Most macros are concerned with generating special characters and will be taken care of with replacement rules.

- `\textbf` is the main layout-related macro that just needs plain replacement by its argument. I will take care of this **after** inserting UTF-8 symbols where necessary, so I can just drop all remaining tex macros (doing this as a first step would need to be restricted to specific tex macros, so it's easier to just ).
- Check instances of `\super`, `\unt` and `underline`, as they may be related to character representation, but might also be there for layout purposes (in which case they can get removed in the final detexify stepp).


The code below displays all entries with `\super`, `\unt` and `\underline`.
We find that:
1. `super` and `underline` are indeed used for character formatting and should be replaced alongside the other combinations below with appropriate UTF-8 symbols.
2. `unt` is used to indicate syntactic categories or semantic functions as subscripts on square brackets. While the brackets might be able to stay (see above), it's probably best to remove the subscripts in order to reduce clutter (and avoid confusion).

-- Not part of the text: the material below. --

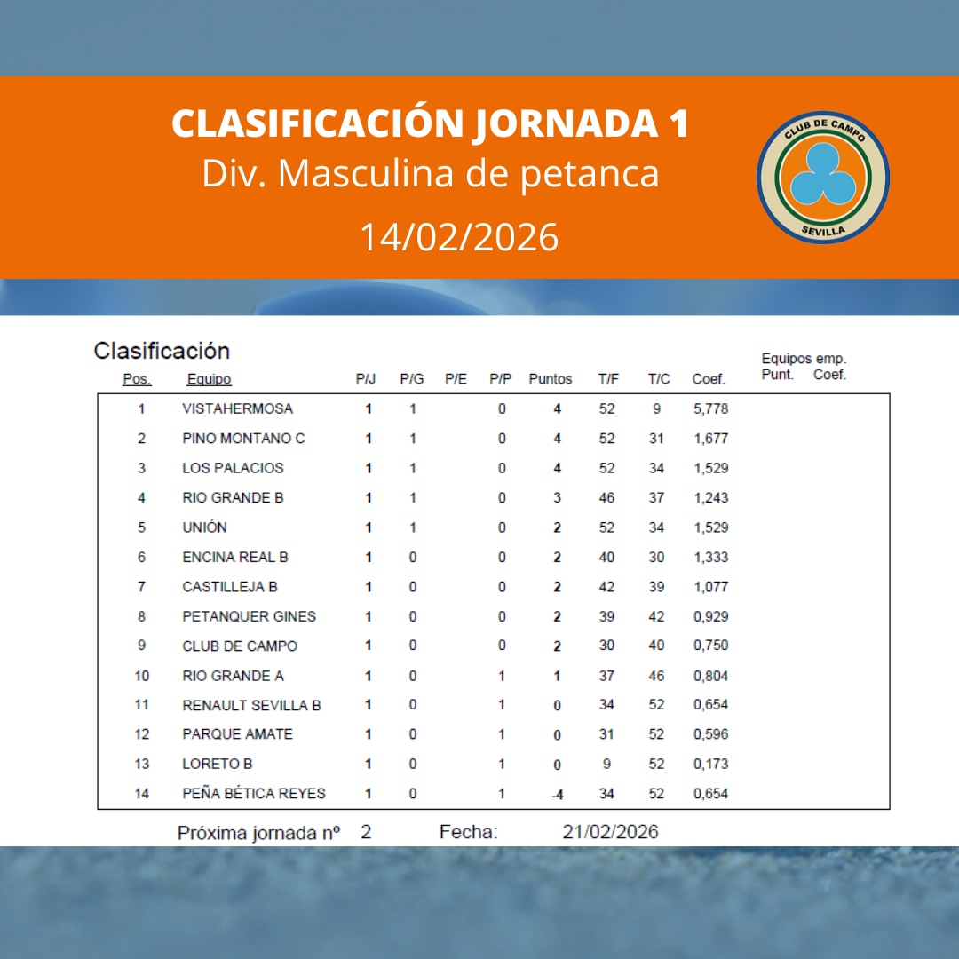 CLUB CAMPO SEVILLA - B 17/02/2026 - 12:46 PMUna vez celebrada la Jornada 1 de petanca de la División Masculina, celebrada el 14 de febrero, los resultados son los siguientes:

This shall be done later in the detexify step.

In [23]:
# Auxiliary function returning finding lines containing particular string in a dataframe 
def list_col_string(dafra,colname,targetstring):
    """
    Returns a list of tuples with the index and content of all lines of a dataframe (dafra) containing in a column (colname) a particular string (targetstring)
    """
    return list(zip(dafra.index[dafra[colname].str.contains(targetstring, na=False)], 
         dafra[dafra[colname].str.contains(targetstring, na=False)][colname].values))


In [24]:
for i in [r'\\super', r'\\unt', r'\\underline']:
    l=list_col_string(df,'Analyzed_Word',i)
    print(f"Instances of {i}: {len(l)}")
    print(*l,sep='\n')
    print('\n')


Instances of \\super: 1
(119, 'rd\\textctz{}\\ae{} \\textbf{lm\\ae{}=\\textltailn{}\\textschwa}=t\\super{h}\\textschwa~t\\super{h}\\textschwa{} mp\\super{h}ri v-s\\super{h}\\ae{}=b\\textopeno{}, rd\\textctz{}\\ae{}. b\\ae{} \\ng\\ae{}=\\textltailn{}\\textschwa{}=t\\super{h}\\textschwa{} mp\\super{h}ri mi-s\\super{h}o\\ng{}.')


Instances of \\unt: 4
(97, '{}[[No \\textbf{mapa=gha}]\\unt{NP} [\\textbf{ave}]\\unt{NP}]\\unt{NP}=na kula ata no-va nito=la.')
(113, 'Sa [Bain \\textbf{\\textglotstop{}ari}]\\unt{NP} b$\\epsilon$h.')
(116, '{}[aning du \\textbf{girra}]\\unt{A} [parra]\\unt{P} laata')
(118, '{}[[Tabang alaku Duinni Maggangkala]\\unt{NP} [\\textbf{ging}]\\unt{NP}]\\unt{NP} a-raung yattu ga-ung misingup.')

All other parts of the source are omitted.